Lately (since the past month) I've been just feeling like a zombie and the feeling is just increasing day by day. I'm not as suicidal as I was in January and December and before that, it's much more passive now but... with a very "dead inside" feeling, if that makes sense. I still have my SN bottle. And I ordered a nitrite test kit last Friday too, it'll be delivered this Friday. I had it before too but the test tube exploded and everything went to waste earlier.

Anyway, I went off tangent againt, I don't even know why I'm writing this, maybe to see if anyone else feels the same? I just get up, do the bare minimum of my duties, like going to college to take my end semester exams, practicals, etc and then I feel "bad" (it's not exactly the right word since I don't actually feel bad in the traditional sense, just disappointed I guess?) because I know what I've done before when I wasn't so neurotic and the scope of my capabilities. I just have no motivation for it anymore. Then I come back home, I try scrolling social media but it also doesn't stir anything in me, neither does playing games, so I end up just sleeping or mindlessly scrolling if I can't sleep even though it doesn't make me feel any particular way. Then I eat some, atleast that's an improvement, because I wouldn't even get hungry before.

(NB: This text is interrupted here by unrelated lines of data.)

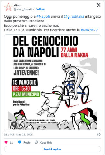 Le rivendicazioni: “Fuori Israele dal Giro d’Italia”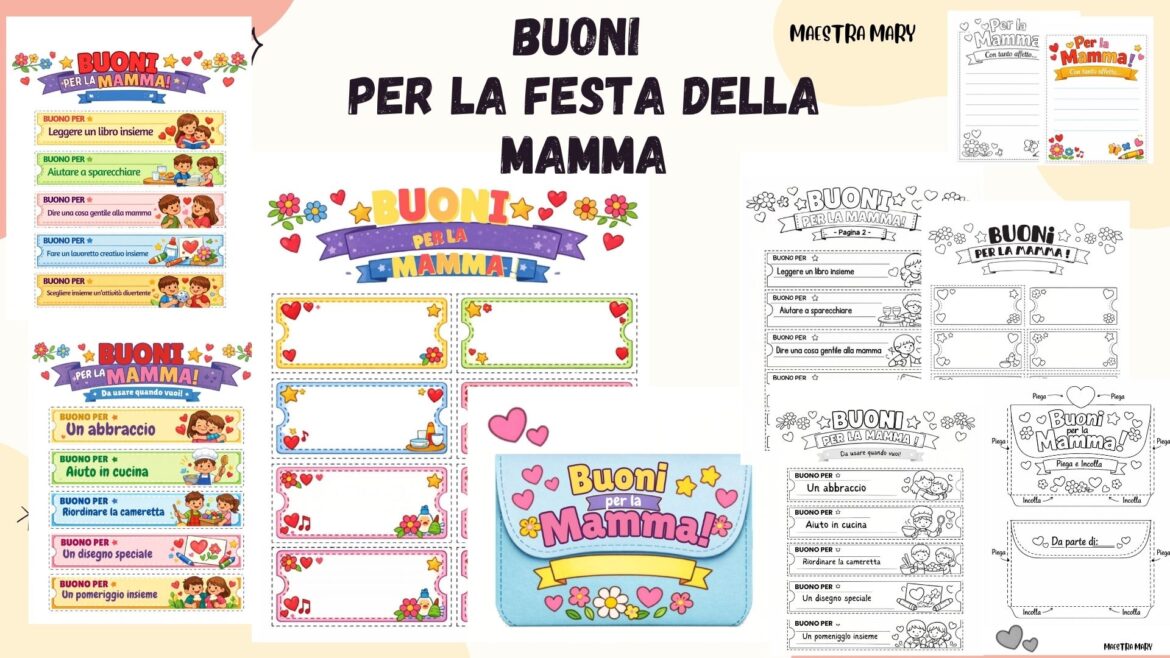 Nel set sono incluse sia la versione a colori che quella in bianco e nero dei buoni, oltre a una deliziosa bustina da ritagliare per raccoglierli tutti .Come extra speciale,ho incluso una letterina già pronta da compilare dai bambini e dedicare alla loro mamma, per rendere il momento ancora più speciale e personale sempre in entrambe le versioni ovvero colorata e in bianco e nero. Maestra Mary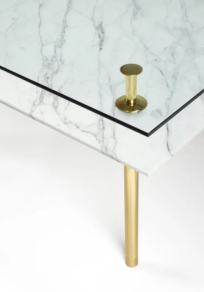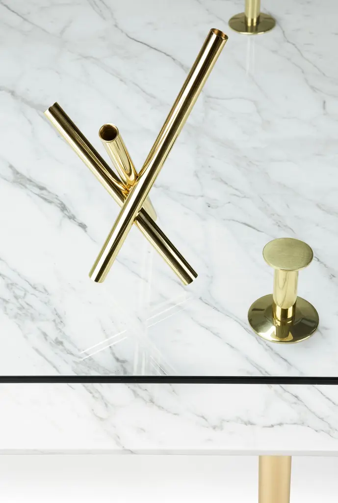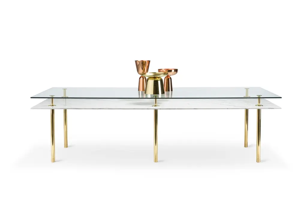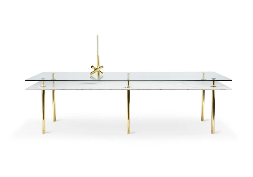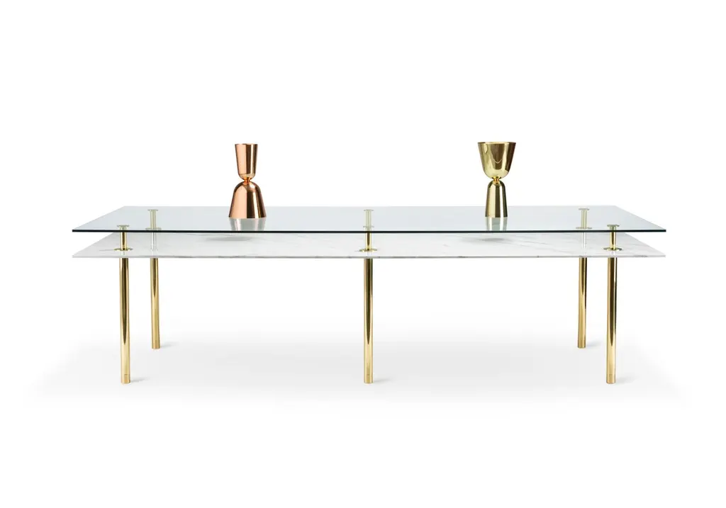 Table in crystal and brass. The designer imagines a turning point in the use of such a precious finishes such as polished brass: from the idea of almost a unique object in its perfect craftsmanship, to the system to be built starting from the base. A column made of brass whose different diameters define base and capital, just as the columns of classic architecture.The column multiplies to infinity, is interrupted and then resumed to hold glass tops, wood or marble and configure even angular shelves, tables, small tables, displays and consoles. A landscape of almost infinite possibilities that designers and end users can chose from to organize the space both in domestic and contract situations, maintaining aesthetic uniformity in the name of a more refined elegance.Structure: Solid brass legs lacquered diameter 35mm.Top finishes: 12mm glass, 20mm marble.Additional Information:Material: Brass, calacatta gold marbleFinish: Polished brassTop: Calacatta gold marbleDimensions: W 280 x D 120 x H 78 cmAvailable in other shape options: RoundAvailable in other size options: Medium and SmallAvailable in other wood top finish option: Striped oak, canaletto walnut, bolivar, new lime, caleido, mahoganyAvailable in other marble top options: Carrara white, emperador dark, sahara noir, eramosa brownAvailable in other finish options: Satin brass, light burnished brass, brown burnished brass, dark burnished brass, black gold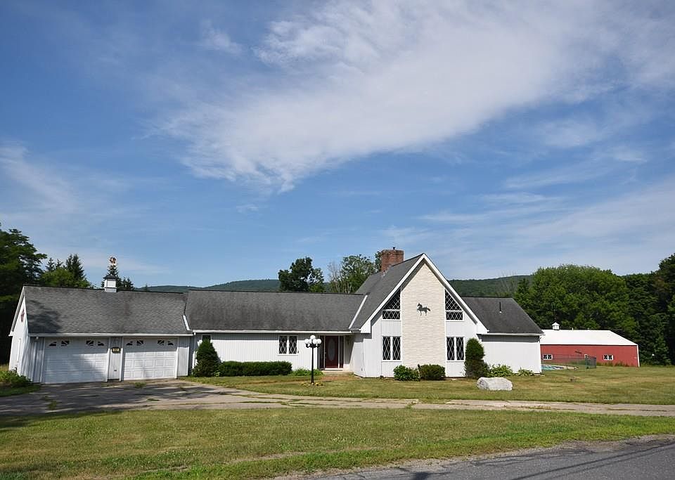 Striking contemporary home on 2.51 acres with in-ground pool & large butler-styled barn located perfectly for travel on I-91 to points North & South.House has 2 bedrooms, bath & a master bedroom with bath. There is a first floor laundry, an attached two-car garage. The 3-season sun room overlooks grassy acreage & views of the surrounding hills.The kitchen is a lovely bright room with an island & room for a small table or sit at counter. Also, there is a family room which leads to sun room & there is a separate dining room. The living room has cathedral ceilings, a fireplace with a gas insert stove & a slider leading out to deck & in-ground pool.. The only 2nd floor space or loft is presently used as an office; could be additional sleeping space/music room/library, etc. Land is perfect for pets, sustainable gardening or just enjoying. Barn use is restricted to a personal shop/storage/hobbies. House & grounds need loving care to bloom again. Offered well below assessed value.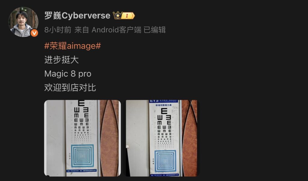 除展示裝置攝力,羅氏亦在文中提到「歡迎對店對比」,信心十足。HONOR Magic8 系列預計本月發佈,將具 S8 Elite Gen 5 晶片、跟自進化 AI 原生應用等功能。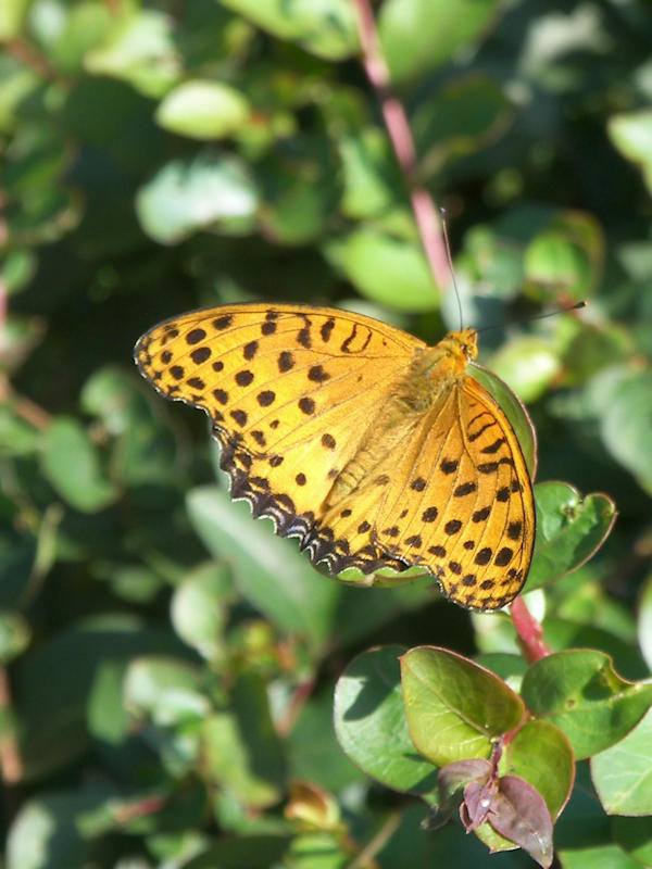 わずか一日の秋晴れで 今日はまた朝から小雨で外に出られなかったので、昨日の撮影。マンサクの葉っぱにとまるヒメアカタテハ? ヒョウモン?蝶 どっちかだと思う。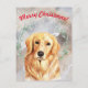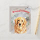 Esta tarjeta de Navidades con la escena nevada de acuarela y el recuperador dorado se siente como si fuera la portada de un cuento de hadas, con una historia mágica y un final feliz unido a ella.

I feel like I've gotten too comfortable being suicidal and sad and depressed and that now I'm actively scared of getting better. I don't see the point in anything. I just move and do my bare minimum like a zombie instead of trying to argue against it or revolting or whatever like I did before. It feels very numb. Like I've lost everything it meant to be me. My personality. I feel like a shell. I didn't feel this way when I was gonna CTB before, compared to now, I still had some of my personality left in me, my intellectuality, my sadness, my disappointments, I just... don't have any of that anymore.

Anyone else feel like this?
 
I

itsgone2

-
Sep 21, 2025
1,389
This is exactly how I feel. I wasn't a good person, it ok that part died. But all of me died. Even the few good things. Zombie is accurate. It's just awful. It's a shame and I hate it but it's not going to change. I'm sorry you feel this way too.